# Looking for 12AY7



## BGood (Feb 20, 2015)

I'm looking for one or two 12AY7 to smooth out my TraynorYCV20's gain.
Any of you have some you part with ?


----------



## Latole (Aug 11, 2020)

Bonjour Jean, tu ne peux en commander ?
You can't order some ?

In Canada :
Parts connexions : 


Search Results for: 12ay7












Electro-Harmonix - 12AY7 Preamp Tube - Single


Electro-Harmonix - 12AY7 Preamp Tube - Single




www.long-mcquade.com













JJ Electronic 12AY7 Preamplifying Tube - Single | Cosmo Music


JJ Electronic 12AY7 Preamplifying Tube, Single Vacuum Tube, R.F. Double Triode, JJ Electronic Model T-12AY7-JJ.12AY7 is a medium gain pre-amplifying double triode.




cosmomusic.ca


----------



## BGood (Feb 20, 2015)

Latole said:


> Bonjour Jean, tu ne peux en commander ?

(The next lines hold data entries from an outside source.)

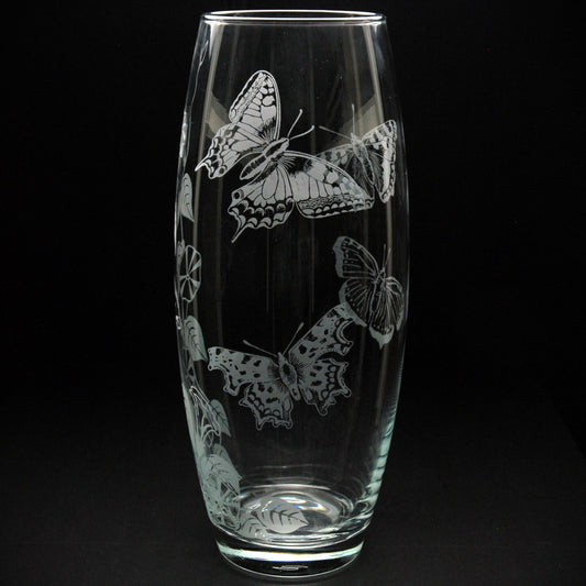 Convolvulus and Butterfly Glass Botanica Vase - Hand Etched/Engraved Gift
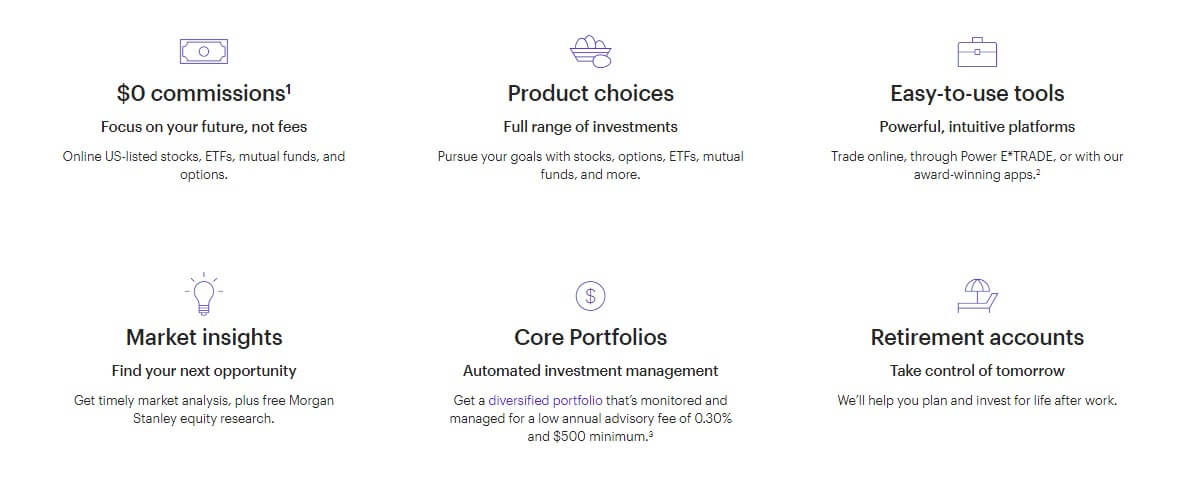 One of the key advantages of using ETrade is that they offer affordable and upfront pricing. Generally speaking, you won't pay a commission when you buy or sell shares of American companies in a self-directed brokerage account.
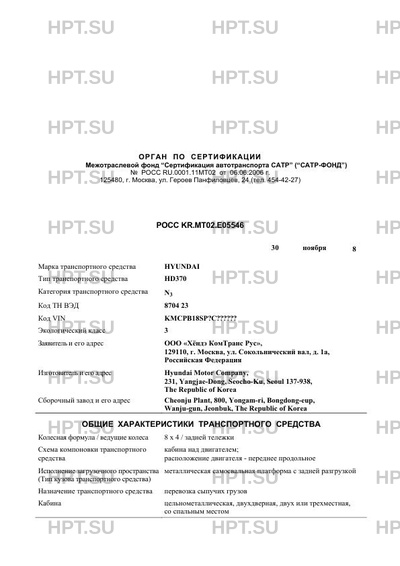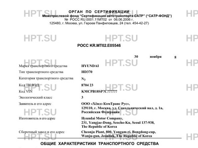 | Заявитель | ООО "Хёндэ КомТранс Рус", 129110, г. Москва, ул. Сокольнический вал, д. 1а, Российская Федерация |

Oui je sais, mais j'essaie toujours de réutiliser/recycler avant d'acheter du neuf. Souvent ces trucs traînent au fond d'un tiroir et finissent à la poubelle. J'essaie d'aider ma planète


----------



## Verne (Dec 29, 2018)

I thought I had at least one 12AY7, but only a 12AT7. ECC81, and 12AX7. Sorry, can't help out. But if in the end you go 12AT7, contact me. Not matching granted, but also not power tubes.


----------



## Frenchy99 (Oct 15, 2016)

Désolé, aucune 12AY7 dans les fonds de mes tirroirs. Bizarre... pas une lampe que j utilise tres souvent faut croire...


----------



## Latole (Aug 11, 2020)

J'en ai quelques unes dont je ne peux me défaire comme je répare des amplis.

Bonne chance. 

Ps : Pour la planète, il est trop tard.


----------



## DaddyDog (Apr 21, 2017)

I guess I need a translate button, LOL.

The Tube Store in Ontario is the go-to place for tubes: www.thetubestore.com - Your online source for audio vacuum tubes.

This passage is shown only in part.